Kamankola dénonce des reguetoneros qui veulent s'accaparer la liberté de Cuba le dernier jour



Jorge Garcia Díaz, KamankolaPhoto © Cédée

Le musicien et poète cubain Jorge Lian García Díaz, connu artistiquement sous le nom de Kamankola, a critiqué dans une interview avec Tania Costa, dans CiberCuba, l'attitude de certains reggaetoneros qui tentent de se joindre à la cause de la liberté de Cuba à la dernière minute, lorsqu'ils perçoivent que le régime est à bout de souffle, après des années de silence ou d'alignement avec le système.

L'artiste, qui est depuis des années une voix cohérente de l'underground musical cubain contre la dictature, a souligné cet opportunisme en réponse à une question de CiberCuba sur la manière dont un artiste peut contribuer à la liberté de notre pays et s'il perçoit une certaine paresse dans le genre urbain.

Le nom artistique Kamankola, d'origine afrocubaine, signifie "désordre", "intrigue" ou "intrigue", un choix que l'artiste lui-même a décrit comme une preuve de sa connexion avec son quartier, dans la municipalité du Cerro à La Havane.

Sa trajectoire a été marquée par une position ferme face au régime cubain.
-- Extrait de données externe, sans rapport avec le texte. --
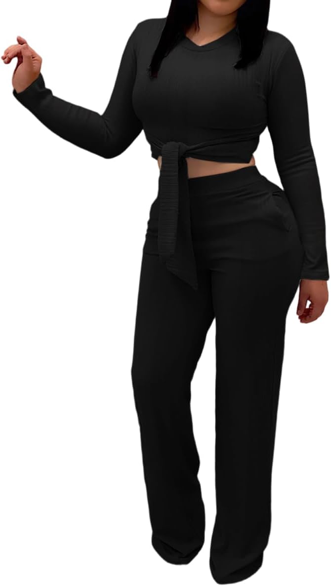 Two Piece Sets For Women Sexy Tie Front Long Sleeve Crop Top Wide Leg Pants Set Casual Tracksuit Ribbed 2 Piece Outfits
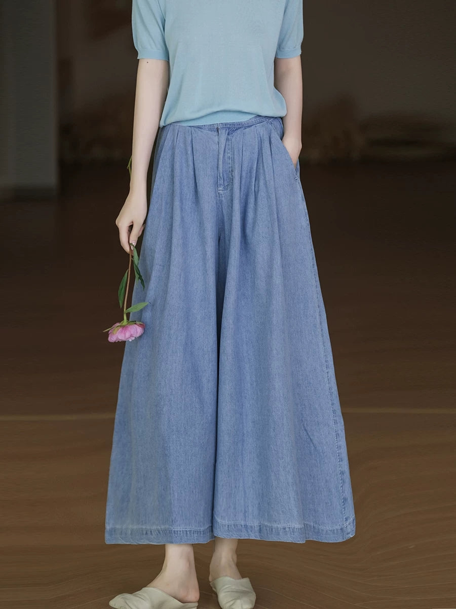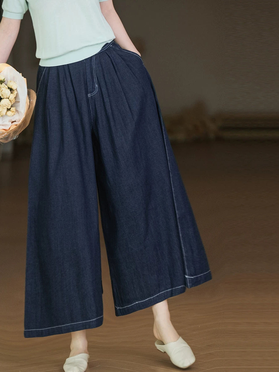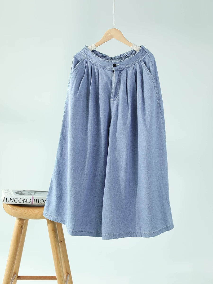 Dámské letní ležérní džíny s širokými nohavicemi v čistých barvách
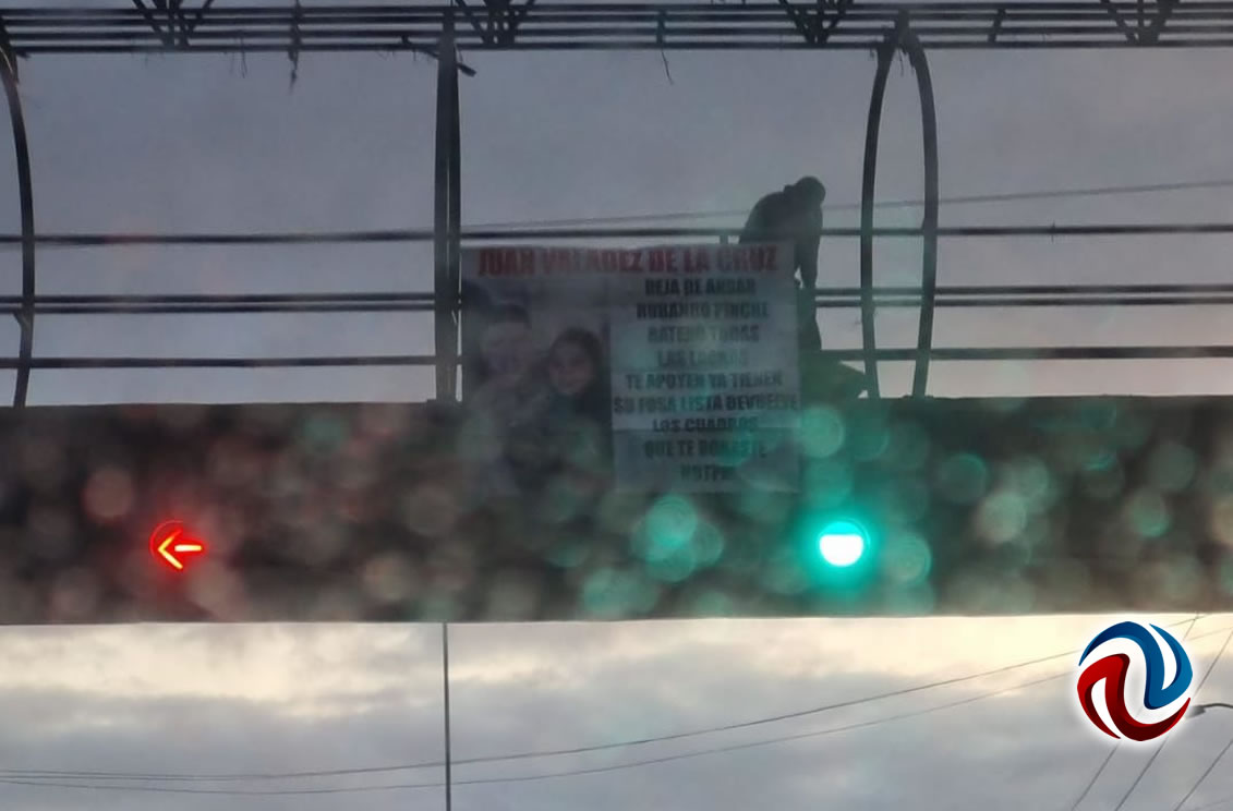 TIJUANA BC 31 DE MAYO DE 2023 (AFN).- Una manta con amenazas fue colocada la mañana de este miércoles, en un puente peatonal del bulevar Cuauhtémoc Sur.
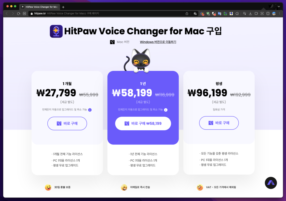 무료 다운로드로 사용하는 것도 가능하지만 제공되는 목소리가 한정적이라 모든 기능을 활용하고 싶다면, 라이선스를 구매하는 것이 좋습니다. 가격 정책은 1개월, 1년, 평생 옵션이 있으며, 30일 환불 보장 및 24시간 사후 서비스까지 받을 수 있으니 설치하시고 이용해 보세요.

En 2021, il a publiquement rejeté l'utilisation de sa musique dans la propagande gouvernementale, laissant clairement entendre que son art ne serait pas au service de la dictature.

En 2023, aux côtés d'Amaury Gutiérrez, il a enregistré une chanson dont le message central était : Je reviendrai à Cuba quand la dictature tombera, une déclaration qui a résonné avec force parmi les Cubains de la diaspora.

En 2024, Willy Chirino a exprimé son intérêt à collaborer avec lui, une reconnaissance qui souligne l'importance croissante de Kamankola dans la musique cubaine de résistance.

Cette même année, dédica un rap aux artistes Charly et Johayron, qui ont fait l'actualité pour leur silence lorsqu'on leur a posé des questions sur les manifestations à Cuba.

Plus récemment, en avril 2025, il a publié le poème "Isla de muertos, de llantos y hambre", une œuvre qui reflète sa vision désenchantée de la réalité cubaine actuelle.

Toute cette trajectoire fait partie d'une œuvre en constante évolution qui inclut son troisième album indépendant, intitulé "Viento" (2021), consolidant Kamankola comme un artiste ayant une voix propre : la voix de l'exil.

Il travaille maintenant sur un nouvel album, qui est sur le point de sortir et s'intitule "Diez akapelas en guaguancó depuis un Miami qui se suicide". Il espère également présenter prochainement son livre, "Akapelas", qui compile les vers qu'il a enregistrés avec son téléphone en marchant.